There are a lot of reasons that this means that the communication that comes out of plzdontkillus will be produced with lower epistemic standards on average than the communication that comes from the more in-group x-risk communication orgs. For one, my in-group just does actually have extremely unusually high epistemic scrupulosity. It was mostly founded as fan club for a several thousand page tome on how to become epistemically virtuous. For two, trying to reach more people means that you have to lower the epistemic standards you place on your communication. You get about five words, as they say.
So yes, people for instance prefer listening to arguments made by attractive people. This is mostly4 absurd, but attention is scarce these days, and if you want to get attention, you are going to have to make people want to click somehow. The fact that they are more likely to buy an argument from an attractive person is irredeemably dumb (though unsurprising, we are monkeys afterall) but the fact that they are more motivated to watch an attractive person make an argument is at least less dumb, and plausibly perfectly reasonable. I think a lot of similar things decompose this way. Insofar as you are using features of your presentation to make your arguments more convincing, that seems sad, and I think we should avoid it, but insofar as the features of your presentation mostly cause people to engage with your argument at all, that seems mostly fine to me.
And so, is this is it? Have I finally decided to betray my principles on the altar of expected utility maximization? I also wondered this, particularly over the weekend of April 10 when at least one and possibly two acts of political violence were committed against Sam Altman and his family. Let me be absolutely clear that I fucking hate this. I condemn it on moral grounds for a thousand reasons. (You can read here for an account of why one should also condemn it on practical grounds.) The first of these instances of violence appears to have been committed by someone who was at least a partial host to a meme-plex quite similar to the one I aim to promote. This happened a few days before we were going to launch plzdontkillus, and so gave me serious pause. I was already hesitant for reasons similar to what I have laid out above, and this nearly put me over the edge. I told Aella that I would have to go off and conduct a crisis of faith, after which I might decide not to work on the project and try to convince her not to work on it either. I did take eight hours of time to consider whether this was actually a good idea, and decided that it was worth running a first program and seeing how things go. I am writing this in large part so that I can communicate what I thought about over those 8 hours, what considerations seemed salient, how I landed where I did, etc.

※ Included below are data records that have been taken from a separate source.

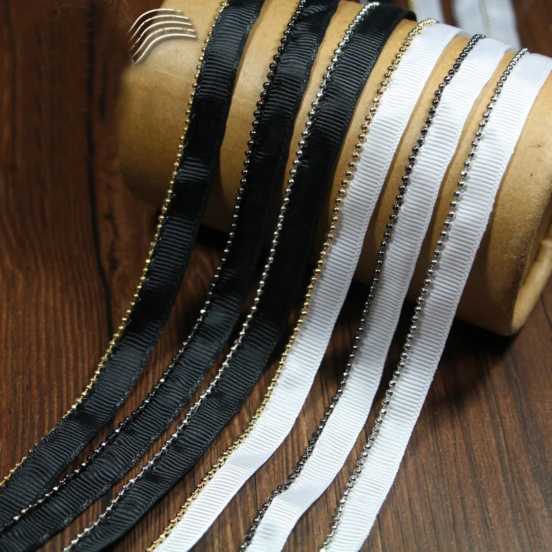 5 Yards 1cm 0 39 Wide Ivory Black Gold Metal Beaded Tapes Lace
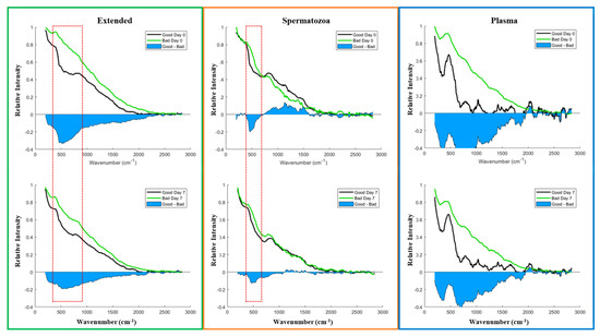 Transformed Raman spectra of different sample types from Good vs. Bad/Poor boar semen doses. Raman spectra were collected on (upper panel) Day 0 and (bottom panel) Day 7.
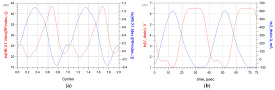 In Figure 3a, the 45 overlap between the half-sinusoidal current and the voltage waveforms degrades the optimum output power and drain efficiency. Moreover, the drain current deviates from the ideal half-sinusoidal shape due to the suboptimal second-harmonic impedance termination and the parasitics of the transistors. Conversely, the approximated square-wave drain-source voltage of the modified Class-J PA, shown in Figure 3b, is increased by the impedance of the nonlinear output capacitor, which is smaller than the external second harmonic loading. Therefore, the phase mismatch between the voltage and current waveforms is reduced, yielding smaller power dissipation. The parameter can be extracted using the optimum load admittance observed in the extrinsic transistor. The imaginary part of the load admittance must be canceled out by the output capacitance’s susceptance.
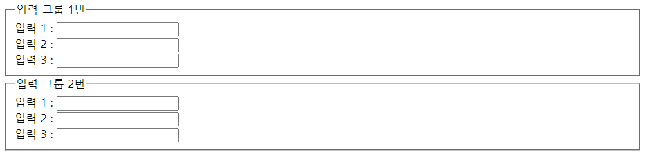 <form> <fieldset> <legend>입력 그룹 1번</legend> 입력 1 : <input type="text"><br> 입력 2 : <input type="text"><br> 입력 3 : <input type="text"><br> </fieldset> <fieldset> <legend>입력 그룹 2번</legend> 입력 1 : <input type="text"><br> 입력 2 : <input type="text"><br> 입력 3 : <input type="text"><br> </fieldset> </form>
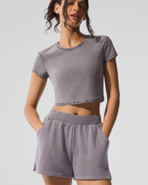Washed Alosoft Crop Finesse Short Sleeve – Cool Grey Wash
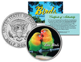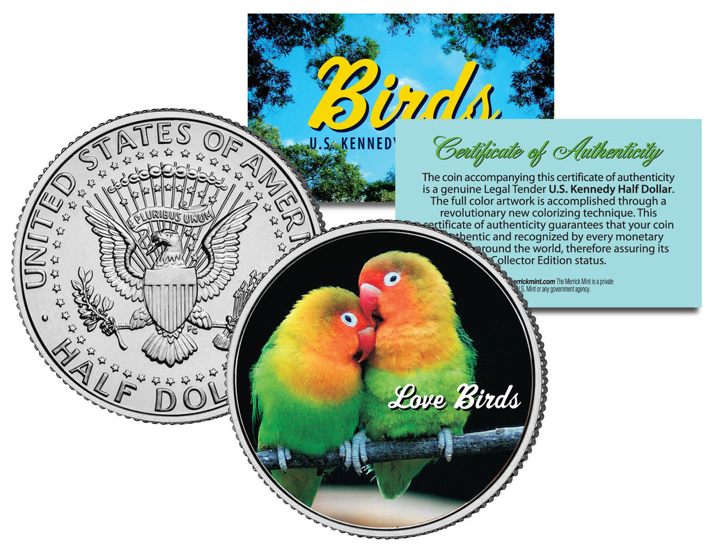 This COLLECTIBLE BIRDS SERIES – LOVE BIRDS coin is a treasured collectible, combining the popularity of birds with coin collecting. Here is your chance to own a beautifully colorized JFK Kennedy Half Dollar U.S. Coin. This high-quality genuine Legal Tender U.S. coin has been colorized using a unique painstaking multicolor authentic process by the Merrick Mint. Colorizing coins involves the unique application of special inks directly to the surface of a coin that achieves a level of detail, color saturation, and durability that is #1 in the coin industry. The result is an everlasting colorized coin collectible of ultra-high quality. Each coin comes in a premium coin capsule with a Certificate of Authenticity to guaranty that your coin is authentic and recognized by every monetary authority around the world, assuring its Collector Edition status. The Kennedy half dollar is a U.S. fifty cent coin with coin year and mint marks chosen at random.
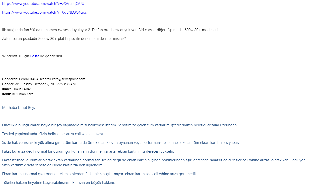 Ben servispointe gönderdiğim ve geri dönüş olarak videoda hiçbir sorun göremedik dediği videoyu buraya bırakayım sen anla. Videoda özellikle fan ayarımı 0'a cektim cikan ses tamamen coil whine sesi.
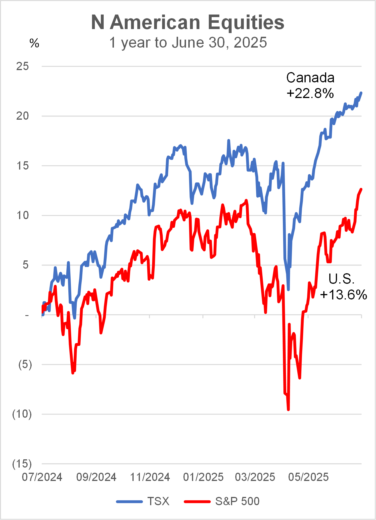 To describe the stock markets in Canada and the U.S. in the first six months of 2025 as volatile would be an understatement. The S&P/TSX Composite Index (TSX) was up 8.6% in the first half of the year, and up 22.8% in the past 12 months to June 30 (see blue line in chart below). The S&P 500 Index in the U.S. was up 5.5% in the first half of 2025, and gained 13.6% in the 12 months to June 30. In the past year the Canadian stock market has led the U.S. market, a reversal of the past decade.
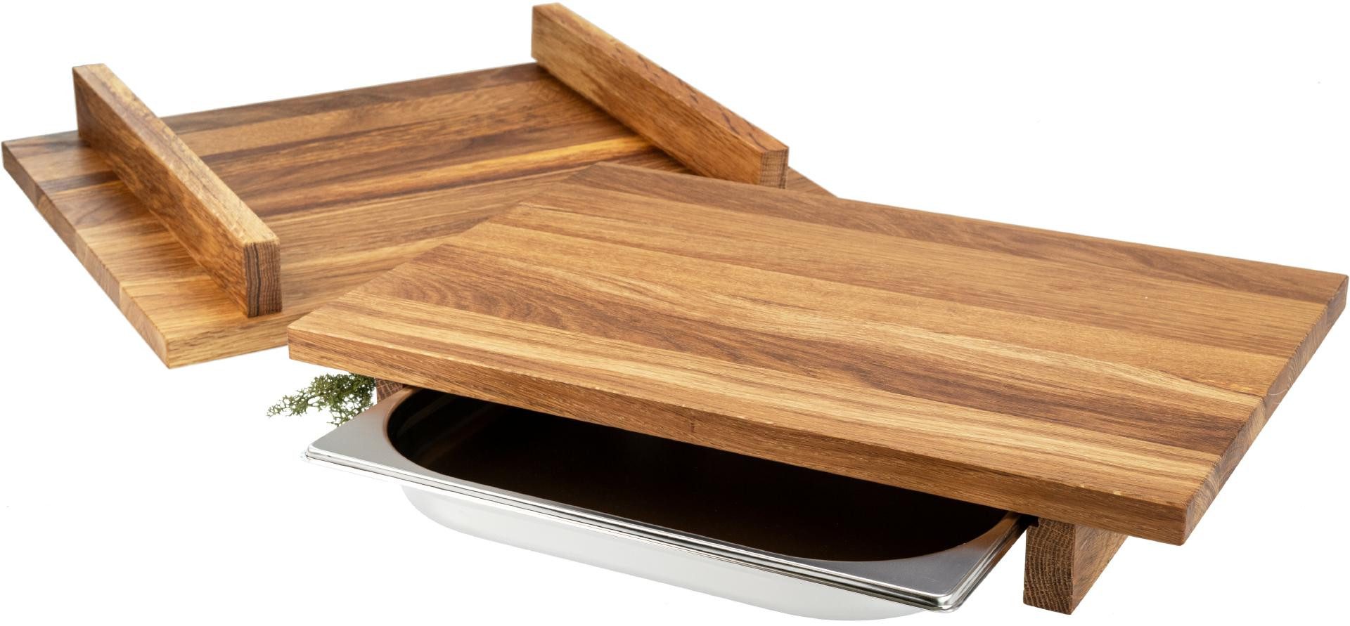 Ideal für jede Küche, ob zu Hause oder in der Gastronomie. Das Schneidebrett aus geölter Eiche mit Edelstahl-Auffangschale ist vielseitig einsetzbar, sei es zum Schneiden, Anrichten oder Servieren. Das elegante Design und die praktische Auffangschale machen es zu einem unverzichtbaren Küchenhelfer.

An unusual thing that stands out to me as having a large effect on my reasoning was looking at our website. I mean… look at it:
When I end up in a scrupulosity knot over these sorts of considerations, looking at the website consistently puts me at ease. In particular, the infamous cow question:
Now, why in the world would looking at this website… of all the websites you could imagine for a project like this… put me at ease? And why the fuck would including the cow question as a mandatory part of the application make me feel better about the program? (The effect of the cow question was probably overall larger.)
Well, you see, I am an edge-lord. I am a principled edge-lord in some respects, perhaps even a scrupulous edge-lord in some respects, but an edge-lord for sure. So is Aella. There are many ways in which we have some cognitive similarities which are really quite rare and which I share with approximately no one who I have ever met. We are also deeply different in several ways, but a particular way that we are similar, is that in some way that is a bit hard to articulate, our edge-lord tendencies and our dispositions towards epistemic and general principled-ness, derive from the same latent variable, or something like that. They mutually reinforce one another as well. My ability to, for instance, find a piece of food in a dumpster, evaluate it on smell, sight, a small taste, etc, and then conclude that it is fine to eat, and thereby eat it with no internal sense of shame or disgust or what have you, is closely related to my ability to form judgments about complicated matters and act on them wisely. I claim, so is Aella’s. I am a bit uncertain about the exact mechanism, but I think it’s some sort of willingness to act on your own judgment and cut through to the question at hand, seeking to D-separating your view from the views of experts, witnesses, and the prevailing wisdom. This cognitive strategy of course also runs into trouble on occasion, but there’s something good in it that I appreciate and want to grow in the world.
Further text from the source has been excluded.